Current OpenAI (GPT-4o, GPT-4 Turbo, GPT-4o mini, o-series reasoning models), Anthropic Claude (Haiku 4.5, Sonnet 4.6, Opus 4.7), Google (Gemini 2.5 Pro, Gemini 2.5 Flash), and open-weight reference points for Llama and DeepSeek. Updated as new models ship.

Why does the same text use different token counts on each model?

Each model's tokenizer was trained on a slightly different corpus and has a different vocabulary size. GPT-4o's `o200k_base` has 200,000 tokens; older Claude tokenizers had ~100,000. Common English words usually tokenize to 1 token everywhere. Code, non-English text, and unusual symbols vary the most — that's where the per-model differences appear.

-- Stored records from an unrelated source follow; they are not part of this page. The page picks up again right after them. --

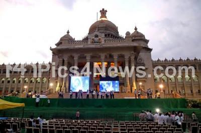 Photo Caption : Vidhana Soudha is all lit up during the preparation work for the upcoming Karnataka Chief Minister swearing ceremony in front of Vidhana Soudha which will be held tomorrow, in Bengaluru on Tuesday 22nd May 2018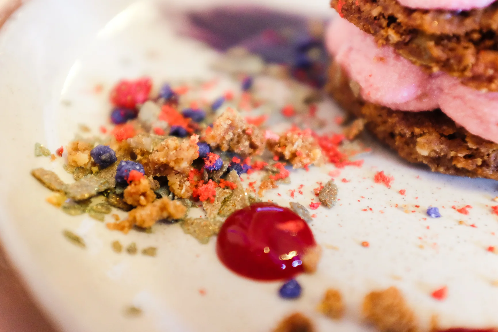 Buttery feuilletine was crumbled into two chaotic piles on either side of the centrepiece, mixed in with purple, pink and gold sparkles for good measure. The fresh raspberries sat atop the dish in glory and were the last to go. This quirky and colourful rendition of Cookies 'N Cream was so far removed from the typical associations of chocolate and vanilla. It further foregrounded the food on offer as unique and modern twists on the classic dish.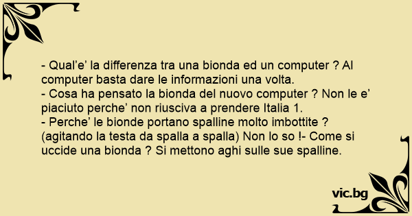 - Qual’e’ la differenza tra una bionda ed un computer ? Al computer basta dare le informazioni una volta.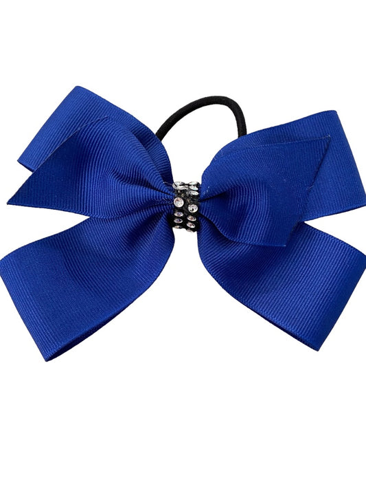 Girls Oversize Hair Bow 5" Elastic Ponytail Blue Bejeweled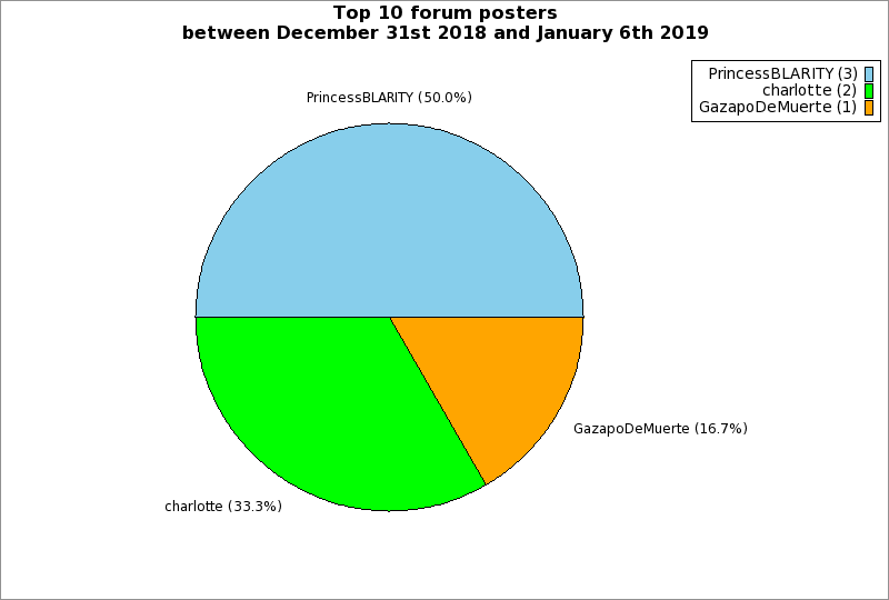 | Top 10 forum posters between December 31st 2018 and January 6th 2019 | ||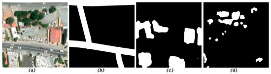 To determine the similarity between two satellite images, we examine three major concepts that are paramount in landscape similarity determination: the road network, the building surfaces, and the tree arrangement. The building and tree maps were obtained from proprietary AI models developed by the authors and the road network was obtained from a GIS layer. From left to right: (a) the original RGB satellite image, (b) the binary mask of the road network, (c) the binary mask of the building surfaces, and (d) the binary mask of the tree foliage.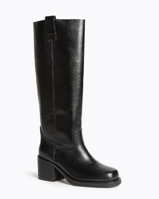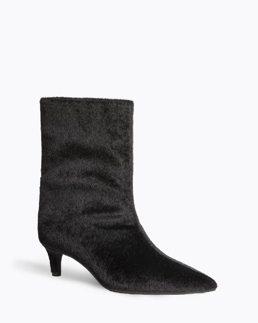 Brown Textured Mid-Calf Boot with Pointed Toe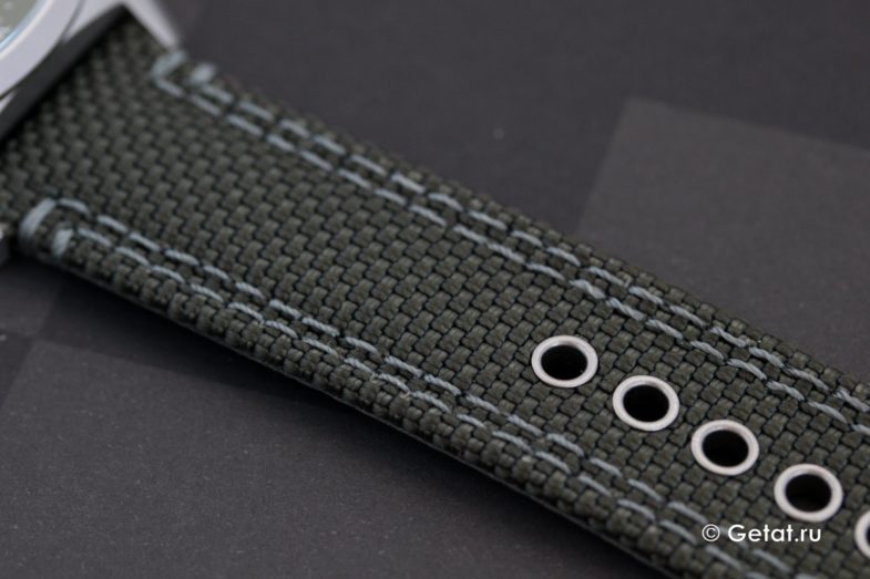 Корпус достаточно крупный за счет длинных ушек, так что модель на руке носится скорее как 43-44 мм. При этом, разумеется, часы легкие и никакого дискомфорта при длительной носке не доставят. Отделка корпуса весьма неплоха — это касается как полировки, так и геометрии. Более того, рант здесь сделан как бы отдельно, между ним и основной частью корпуса есть углубление. При этом на самом ранте имеется резкая грань, которая отлично выполнена. Все это добавляет корпусу некоторую нарядность, хотя ушки и основная часть обработаны пескоструем и выглядят как элемент военного самолета. Неплохо.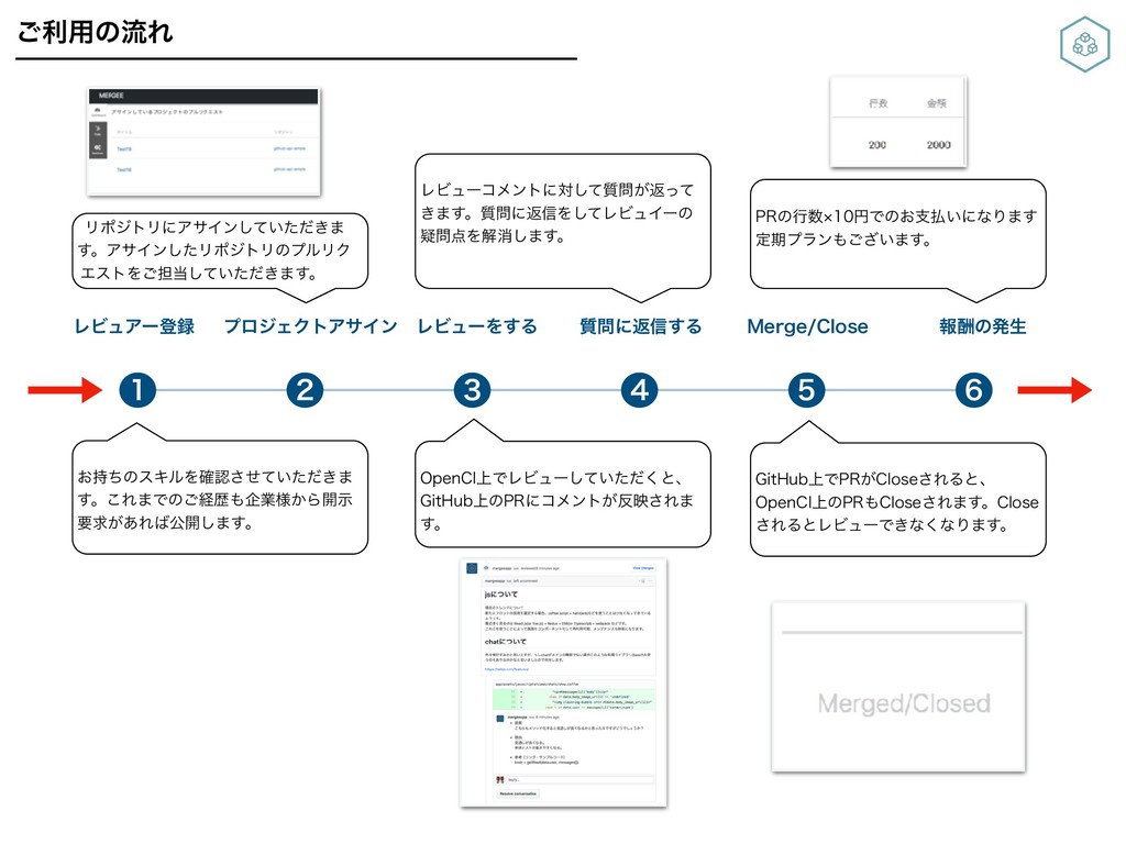 ͝ར༻ͷྲྀΕ ϨϏϡΞʔొ ϓϩδΣΫτΞαΠϯ ϨϏϡʔΛ͢Δ ࣭ʹฦ৴͢Δ .FSHF$MPTF ใुͷൃੜ ͓࣋ͪͷεΩϧΛ֬ೝ͍͖ͤͯͨͩ͞· ͢ɻ͜Ε·Ͱͷ͝ܦྺاۀ༷͔Β։ࣔ ཁٻ͕͋Εެ։͠·͢ɻ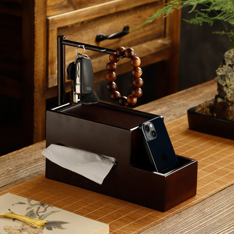 竹制提拿纸巾盒中式实木餐巾纸盒简约复古创意抽纸盒家用客厅收纳

Will it tell me if I'll exceed the context window?

Yes — for each model, the counter shows current tokens vs. context window. Context windows in 2026 range from 200K (Claude Sonnet 4.6 default) to 1M (Claude Opus 4.7 1M, Gemini 2.5 Pro). If your prompt's estimated count exceeds the window, you'll need to truncate, summarise, or use prompt caching to fit.

Does it count system prompts and tool definitions?

Whatever you paste, it counts. If you want a real budget for a Claude or GPT call, paste the system prompt, the user message, and any tool schema JSON — all three count against your context window. Tool definitions can balloon your prompt fast if you're not careful.